# How to perform mixed precsion on single F.linear?

Dear Community,

I was wondering whether I can further reduce memory consumption on a specific operation that I identified that is using a lot of memory. I noticed that 1) the A and B matrix both as float.32 and 2) the resulting coefficients c also float.32, lead to rather large memory usage.

While I can manually cast A and B to float.16 so that the resulting coefficients c are also float.16, leading to quite reduced memory constraint, I was wondering whether it is possible to use mixed precision instead of manually casting the tensors to float.16 ?

I am not sure whether this is necessary, since we dont need gradients on A and B but on the coefficients c.

This is my code:

``````self.A = torch.from_numpy(GBTA).to(device, dtype=torch.float16).requires_grad_(False)
c_t = F.linear(c_t.half(), self.A[t].half()) + self.B[t].squeeze(-1) * input
``````

I am not sure how to wrap gad scalar into this, as we already do auto-cast mixed precision and pass the scalar from gradscalar into the training function:

`````` scaler = GradScaler()
train_loss, train_class_acc, train_noobj_acc, train_obj_acc = (
trainholov4_enas_vid_bptt(
device,
model,
optimizer,
scheduler,
loss_f,
scaled_anchors,
scaler,
conf_thresh=0.8,
mode="ciou",
target_batch_size=args.target_batch_size,
ngpus=args.ngpus,
)
)
``````

So it may not be needed to add gad scalar and maybe something like this would just work ?
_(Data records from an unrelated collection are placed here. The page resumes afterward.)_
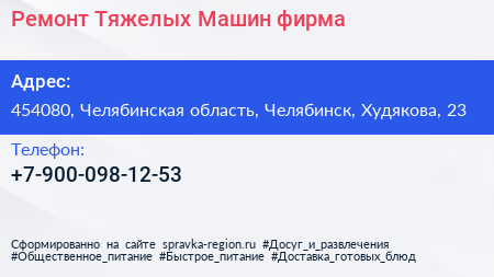 Ремонт Тяжелых Машин, фирма по адресу 454080, Челябинская область, Челябинск, Худякова, 23 в дальнейшем Организация, размещена в следующих категориях:
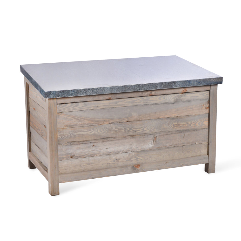 Crafted from quality spruce wood with an elegant grey wash finish, this robust storage solution exudes rustic charm. It features a slanted hinged lid, made from durable galvanised sheet metal, that ensures long-lasting protection against the elements. With ample space inside, it is ideal for storing garden accessories, outdoor toys, and footwear.
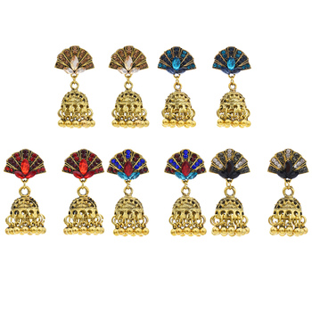 Hint Jhumka küpe etnik Vintage altın alaşım Women Rhinestone çan Dangle küpe boncuk püskül kadınlar için
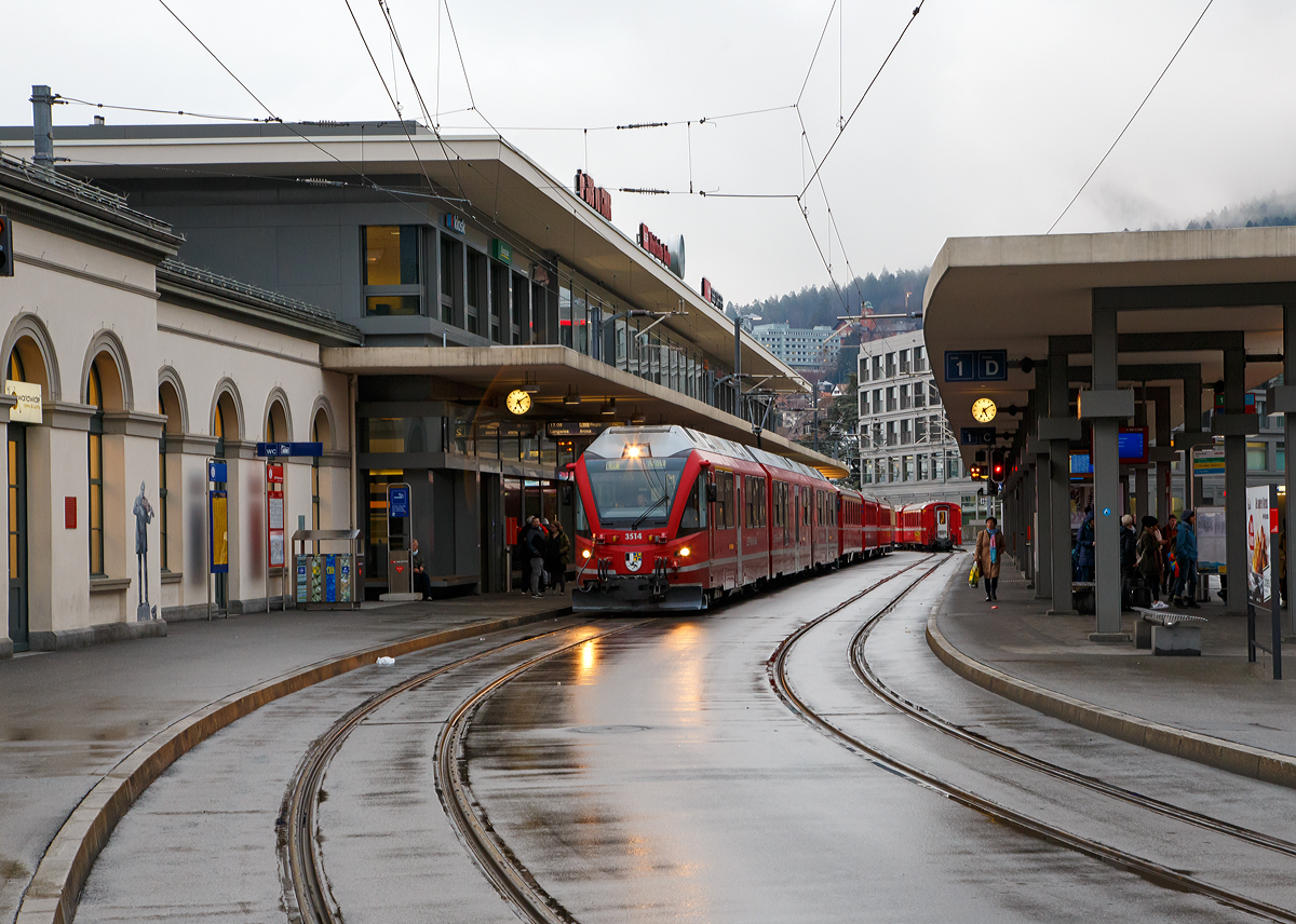 Am etwas garstigen Vormittag des 3. März 2009 hält die RhB Ge 4/4 II 621 mit ihrem Regionalzug nach Arosa in Peist.

``````self.A = torch.from_numpy(GBTA).to(device, dtype=torch.float16).requires_grad_(False)
with autocast():
c_t = F.linear(c_t.half(), self.A[t].half()) + self.B[t].squeeze(-1) * input
``````

The casts should not be needed when `autocast` is used. Do you see a different behavior and memory usage between `autocast` and the explicit transformations?